Not used as device identity sources:
/etc/machine-idor/var/lib/dbus/machine-id- hostname
- MAC address
- OS name, CPU architecture, install time, or other installation-state values
- placeholder hardware values such as
To Be Filled By O.E.M.,Not Specified, all-zero serials, or all-Fserials
If no trusted hardware serial can be read, device ID generation fails. This is intentional for enterprise licensing: a license should survive OS reinstall on the same hardware, but should not silently bind to a mutable fallback value.
See docs/DEVICE_UUID.md for the full device UUID design and troubleshooting guide.
LicenseManager/
├── README.md # English documentation (default)
├── README_CN.md # Simplified Chinese documentation
├── cmd/
│ ├── licensemanager/ # Main CLI tool
│ └── server/ # Optional license server entrypoint
├── internal/
│ ├── admin/ # Web admin console
│ ├── auth/ # Admin authentication helpers
│ ├── crypto/ # RSA/AES helpers
│ ├── database/ # SQLite models and database access
│ ├── license/ # License generation and verification internals
│ └── server/ # Online verification HTTP server
├── pkg/
│ ├── device/ # Hardware-bound device UUID generation
│ ├── license/ # Public license verification package
│ └── output/ # CLI output formatting
├── docs/ # Design and security notes
├── examples/ # Integration examples
└── web/ # Static web assets
- Go 1.21 or later
- Network access to download Go modules on first build, unless dependencies are already present in the module cache
- Hardware serial access on target machines where
licensemanager uuidor automatic device ID detection is used
SQLite is provided through Go modules. No CGO SQLite installation is required for the default build.

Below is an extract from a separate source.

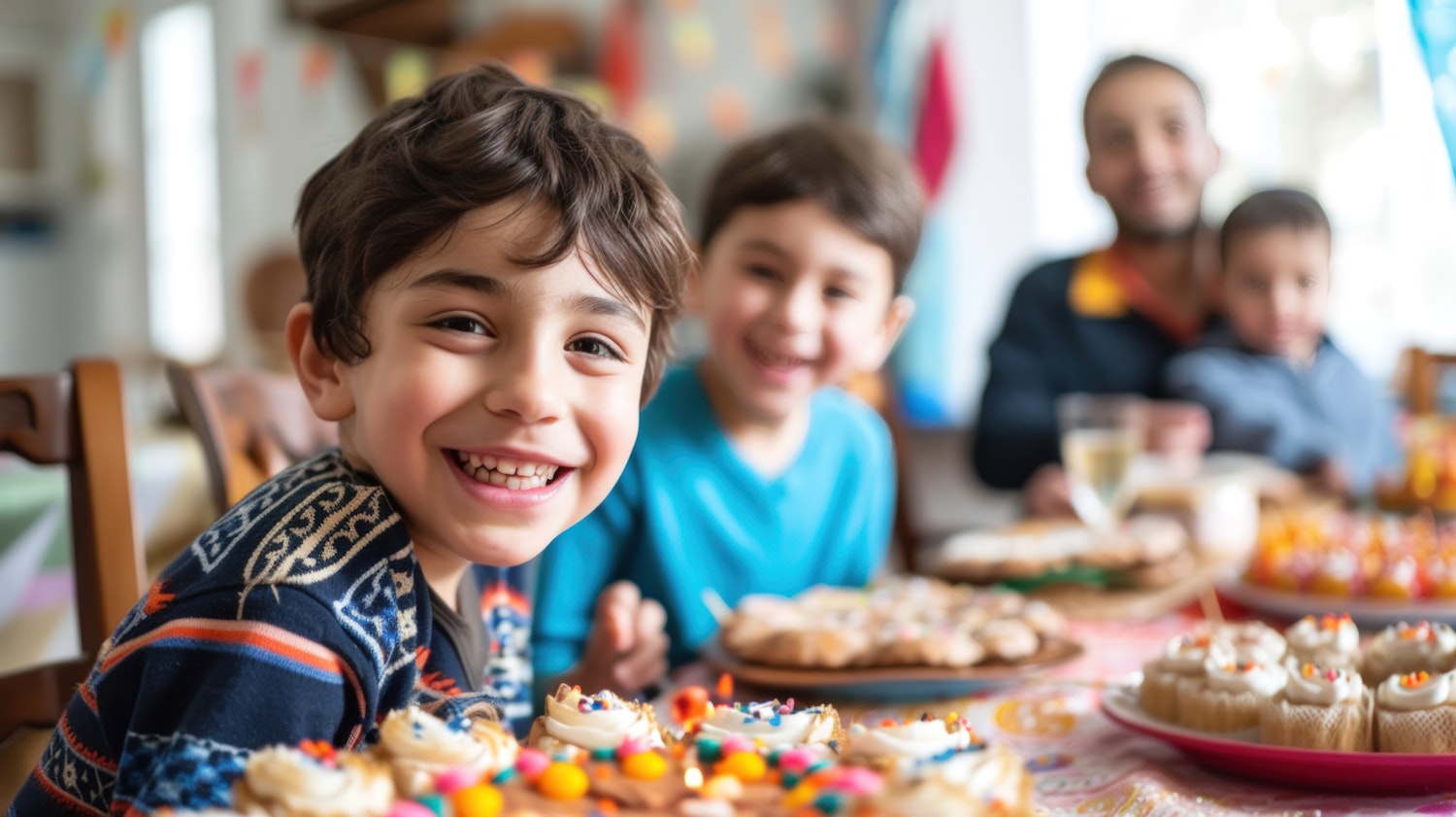 Joyful children at a festive table with colorful cupcakes, celebrating with family in a warm, cheerful setting.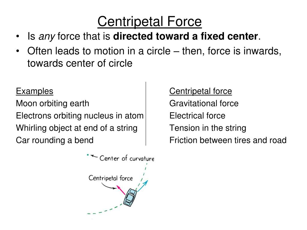 Centripetal Force • Is any force that is directed toward afixed center. • Often leads to motion in a circle – then, force is inwards, towards center of circle ExamplesCentripetal force Moon orbiting earth Gravitational force Electrons orbiting nucleus in atom Electrical force Whirling object at end of a string Tension in the string Car rounding a bend Friction between tires and road

git clone https://github.com/Zeroshcat/LicenseManager.git
cd LicenseManager
# Build the main CLI tool
go build -o licensemanager ./cmd/licensemanager
# Build the optional license server
go build -o license-server ./cmd/serverOn Windows, the output binaries will usually be named licensemanager.exe and license-server.exe.
./licensemanager initThis creates:
license.db: SQLite databaseprivate_key.pem: RSA private key used to sign licensespublic_key.pem: RSA public key used to verify licensesaes_key.bin: AES key used to encrypt/decrypt license payloads
Keep these files secure. If the key material is lost, existing licenses cannot be regenerated or verified with a new key set.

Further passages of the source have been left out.